I was all ready to launch a whole blog post on the back of this, talking about how the 1950s style of graphic advertising persisted for far longer than any of us had imagined, and how what’s reported in graphics annuals may not reflect what’s actually going on in the real world, and so on and so on.
And then I looked at the clothes. This isn’t 1970, is it. It’s scarcely pushing 1960 if you ask me. So design history does not have to be redrawn.
It is a lovely photo though, and also a reminder that the past is a far distant place where tobacco is an acceptable Christmas present.
So in the absence of those thoughts, I do also have space to point you at this lovely picture as well, which Dr G posted in the comments section the other day and is originally from this blog.
On the main floor galleries of New York’s Museum of Modern Art, visitors study posters that tell them to buy war bonds and look out for the enemy.”-LIFE Magazine, December 21, 1942.

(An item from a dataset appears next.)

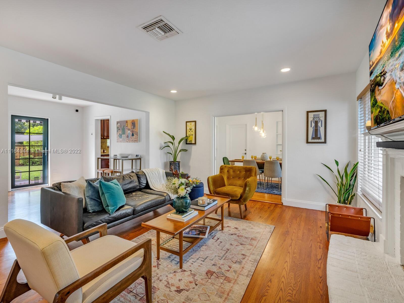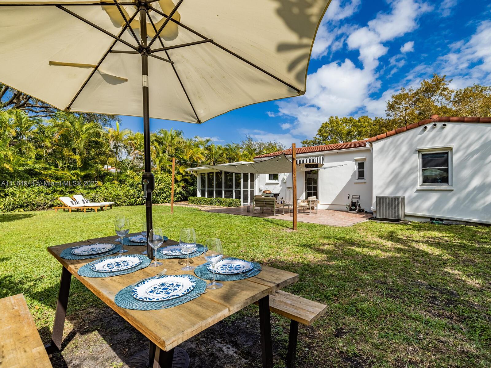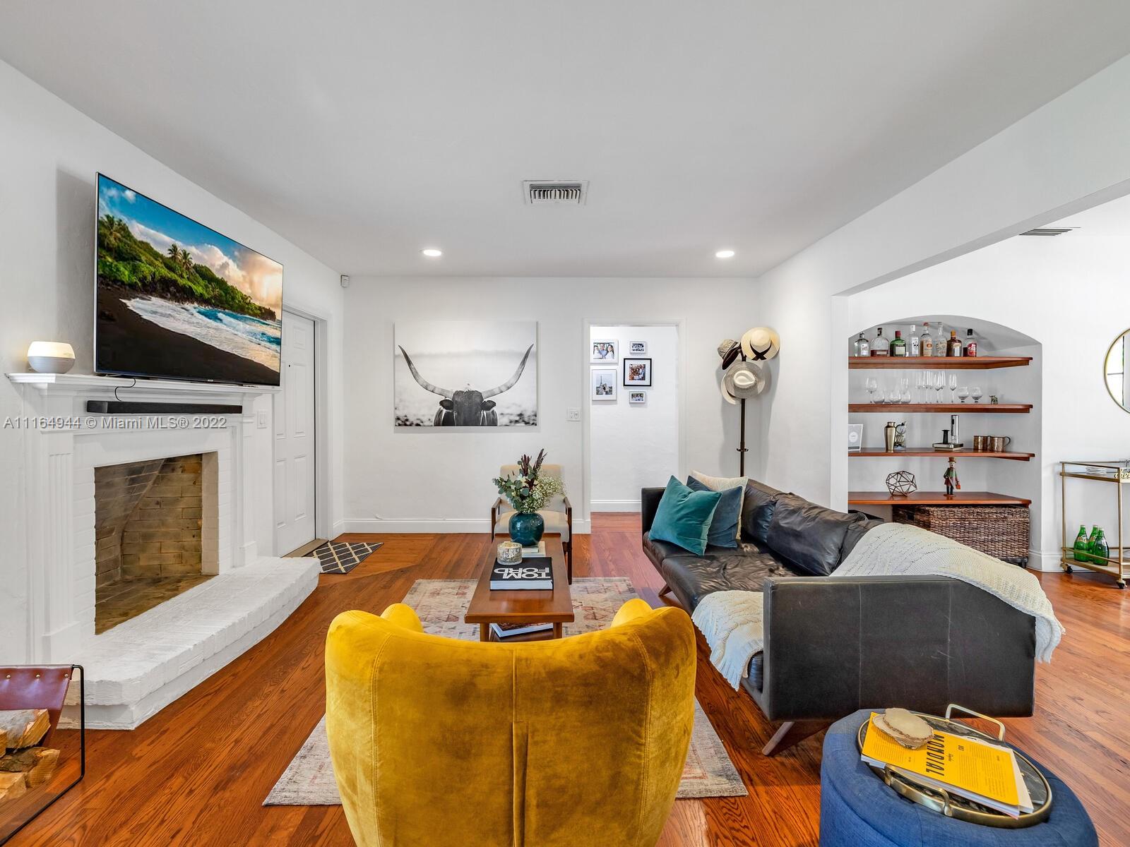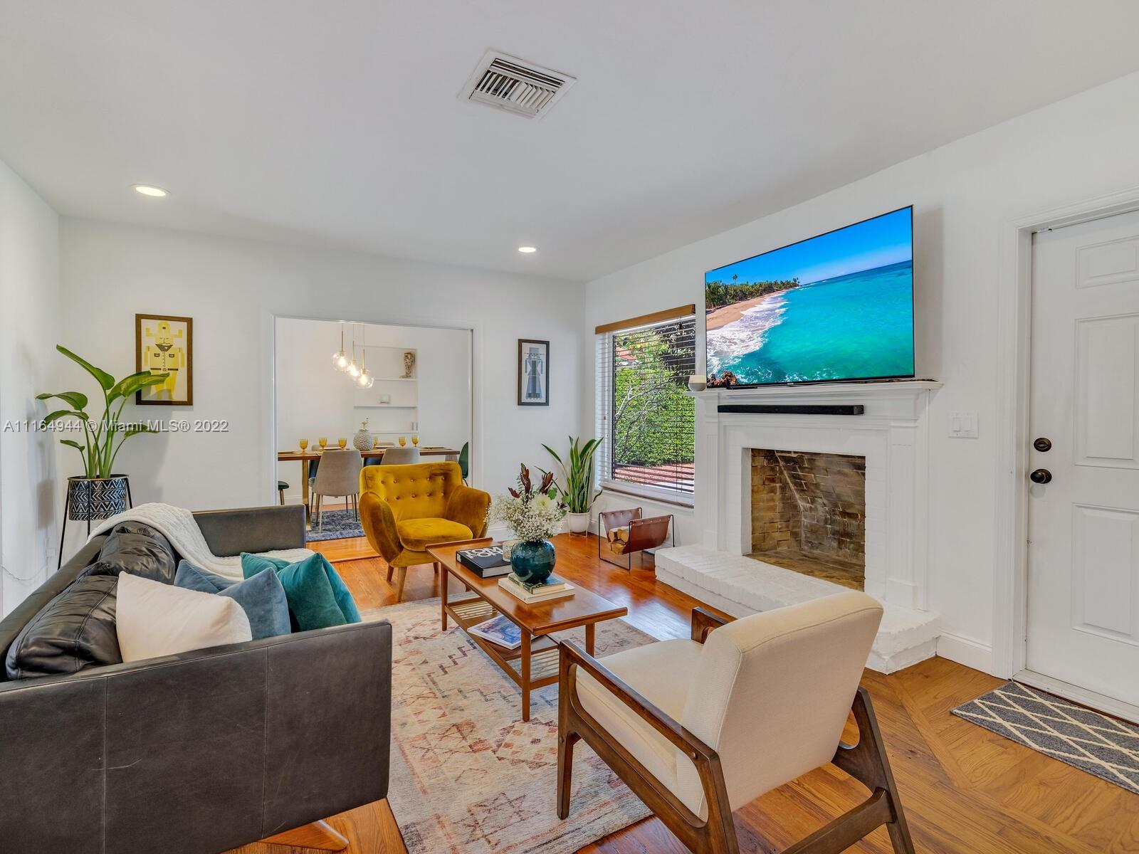 Welcome to The Corner Redbrick Charmer! Delight in this updated, enchanted home with expansive lush rear gardens on a great Miami Shores corner lot. Open living with signature fireplace flows to separate dining and updated chef’s kitchen plus a fabulous bespoke eat-in area and cool, curved niched shelves, perfect for favorite cookbooks and epicurean delights! Dreamy sleep in three bedrooms, plus new designer bathroom. Escape to the large screen porch overlooking spacious rear gardens with grand entertainment deck- get ready to fire up the grill, mix some cocktails and savor the tranquility with friends and family! Your personal oasis also has a one-car garage, impact windows-doors and hardwood floors, all in a non-flood zone just three blocks to downtown Miami Shores shops and restaurants.

What they are actually looking at is entries in a National War Poster competition – and it’s a good job that Dr G told me that otherwise I would have wasted a great deal of time trying to identify what’s on the walls.
But the picture is interesting, and not just because it shows people looking at posters. It’s also a reminder that war posters in particular were not just preaching, but were part of a conversation with the viewers, and a conversation in which the public could sometimes have quite an active role. Right down, I might remind you, to making their own posters themselves.
It still pains me that someone has cut up a Lewitt-Him to create this, but it can’t exactly be undone, can it. Hey ho.